Художник, которому не удается придать актуальности истинную правду, позволив ей упасть на бесплотное освещение и полностью охватить ее этим светом, и который может изобразить актуальность только в ее голой обычной реальности и истине (реальности, которая, однако, не является ни истинной, ни реальной), может применить к актуальности патетическое средство, средство нежности и сентиментальности, везде пуская слезы по щекам обывателей и «О Боже!» в их уста. Несомненно, его фигуры таким образом устремляют свой взгляд на реальное в небо, но, подобно летучим мышам, они не принадлежат ни к роду птиц, ни к роду зверей, ни к земле, ни к небу. Их красота не свободна от уродства, их мораль не лишена слабости и подлости: ум, который они, случается, проявляют, не лишен банальности: успех, который в него входит, не лишен пошлости, а несчастье не лишено трусости и ужаса; и успех, и несчастье несут в себе нечто презренное. Так и философия, если она принимает конечное и субъективность за абсолютную истину в привычной для нее логической форме, не может очистить их, приведя в связь с бесконечным: ведь это бесконечное само не является истинным, поскольку оно не способно поглотить конечность. Но там, где философия поглощает временное как таковое и сжигает реальность, ее действие объявляется жестоким расчленением, которое не оставляет человека целостным, и насильственной абстракцией, в которой нет истины, прежде всего истины для жизни. И такая абстракция рассматривается как болезненное отсечение существенной части от полноты целого: считается, что эта существенная часть и абсолютная субстанция заключена во временном и эмпирическом, в лишении. Это как если бы человек, который видит только ноги произведения искусства, стал бы жаловаться, если бы перед его глазами открылось все произведение, что он лишен недостатка, что незавершенное было отменено».

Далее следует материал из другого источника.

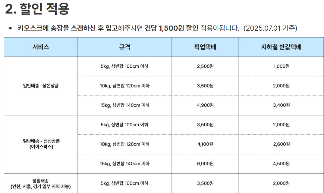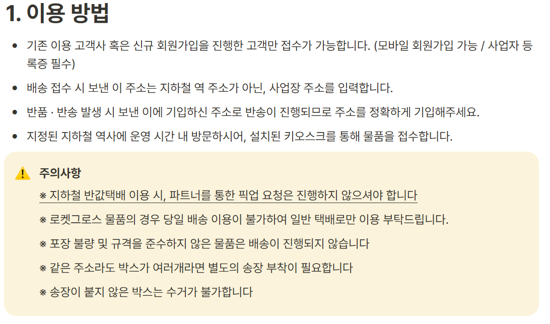 - 주의: 물품가 50만원 초과 품목은 접수 불가, 기사 건물 진입 불가·통화 1회 부재 시 당일 픽업 미진행(재방문 없음).
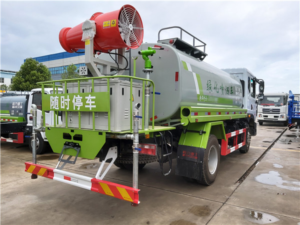 打開想要噴灑的球閥(前沖、后灑、側噴、花灑),然后起動發動機,將變速器掛入擋位,將取力器開關向后拉即掛檔取力,然后分離離合器,泵開始運轉,開始灑水,根據需要打開7、8、9、10,其中7為前沖開關,用于沖洗路面,8為灑水炮開關(可應急消防,可遠距離澆灌花木)。9為側噴開關,可澆灌路邊花臺花木。10為后灑開關,用于路面灑水。

О Якоби говорят как о лидере этой «не-философии» веры. В этом качестве его союзники находятся, с одной стороны, среди философов, которые держатся за избавление от «здравого смысла», за сознание неискушенного человека, боящегося заблуждений идеализма, лишающего его самых твердых реальностей. Тип такого философа был нарисован Гегелем27 в Круге. Но, с другой стороны, Якоби соприкасался хотя и не в сочувственном духе с несколько пестрой группой, которая тоже поставила перед собой цель идти к вечным вратам, но уклонилась в бесцельное блуждание по холму Трудностей или слишком рано устремилась к покою Восхитительных гор, не побывав в должной мере в долине Унижения или не сойдя под тень Смерти. Как и Вордсворт, они чувствовали, что мир слишком много с нами: что наше истинное «я» распадается на фрагменты и проходящие стадии, в которых мы не являемся самими собой, и тем самым мы также теряем истинное восприятие сущностной жизни природы. Постепенно мы погружаемся в омертвляющие объятия привычки, сводим себя к профессиональным и условным типам и теряем более свободную и широкую подвижность духовного бытия. Мы превратились в verständige Leute людей практического смысла и житейской мудрости. К таким людям философия пришла бы если бы могла прийти как великое дыхание жизни «разум» (Vernunft), который преодолевает разделение, неизбежное в практической воле и знании. Но к этой группе, которую называют романтической школой Германии, освобождение пришло путями, более схожими с теми, которые искал Якоби. Их путь был путем романтики и воображения. Принцип романтизма это протест против заключения человека и природы в скучный круг однообразия, в который их заключили обычай и опыт. Безграничная жизнь, бесконечная спонтанность бурлит в нас и в мире, готовая разрушить плотины, которые установили условности и инерция. Эта внутренняя сила вечно свежая, вечно беспокойная Ирония, которая устанавливает и ниспровергает, которая отказывается быть связанной или стереотипной, которая никогда не устает, никогда не истощается, свободная в абсолютном смысле. Это мистическая сила природы, которая, как им казалось, всегда находится на пружине, чтобы совершить свои волшебные превращения и разрушить оплот эмпирического закона. Это королевский jus aggratiandi, спонтанная суверенность истинного художника, способного в любой момент вступить в непосредственное общение с сердцем вещей.